Disclaimer – before going any further I want to state that I understand “AR” does not stand for “automatic rifle” or “assault rifle”, nor does it technically address every model by every manufacturer out there. By strict standards, “AR” stands for “ArmaLite Rifle” – originally designed by the ArmaLite Company and later Colt Firearms. For the purpose of this article, I will break some rules by using this term as a general means of describing not only the original model but also the many model copies on the market.

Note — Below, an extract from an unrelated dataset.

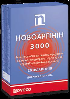 НОВОАРГІНІН ДОБАВКА ДІЄТИЧНА Н ОВОАРГІНІН є безпечним, збалансованим та ефективним комбі нованим засобом для профілактики та лікування захворювань серце во-судинної, гепатобіліарної та репродуктивної систем,

AR-style sporting arms are available with your choice of two different operating systems – direct gas impingement or piston system. I will provide a basic description of each as well as the general pros and cons associated with the specific systems. Hopefully this will assist you in determining which is best for you.

Direct Gas Impingement

With a direct gas system, a small amount of gas is redirect from the forward portion of the barrel into a small tube which runs the length of the barrel, after which it enters the chamber. This gas then drives the bolt carrier to the rear, allowing the weapon to cycle.

AR RiflePROS

  • Because it was used in the original design, it is often considered to have the most proven track record; all the bugs have been worked out long ago.
  • Reliability due to less complicated system utilizing less moving parts.
  • Easy to work on with many parts being interchangeable between manufacturers.
  • Light weight.
  • Cheaper to manufacture and purchase.

CONS

  • Very dirty to operate. Recycled gas entering the chamber also introduces large amounts of dirt and debris.
  • No adjustment available for gas delivery system – it’s all or nothing.
  • Hotter to operate.

Piston System

As with the direct gas impingement system, a small amount of gas is captured and redirected via a small tube. However, instead of entering chamber, the gas hits a rod/piston system which then drives the bolt carrier to the rear and cycles the weapon.

PROS

  • Much cleaner than the gas system due to reduced amount of gas coming in contact with the chamber.
  • System operates fast and weapon cycles quicker.
  • Ability to adjust gas pressure; a very handy feature if using a suppressor or attempting precision shots.
  • Cooler operating temperatures.

CONS

  • Heavier than gas system, generally by at least 1 lb.
  • High production cost means high sale price for consumer.
  • Most systems use a proprietary design specific to individual manufacturers, limiting the availability of after-market parts.

Conclusion

Each system has advantages and disadvantages and users who will swear by one or the other. Personally, I prefer the gas impingement design but realize that final selection is a very personal decision and understand why other shooters feel piston is the only choice for them. If you are new to the AR system, I recommend trying both and seeing which feels right for you.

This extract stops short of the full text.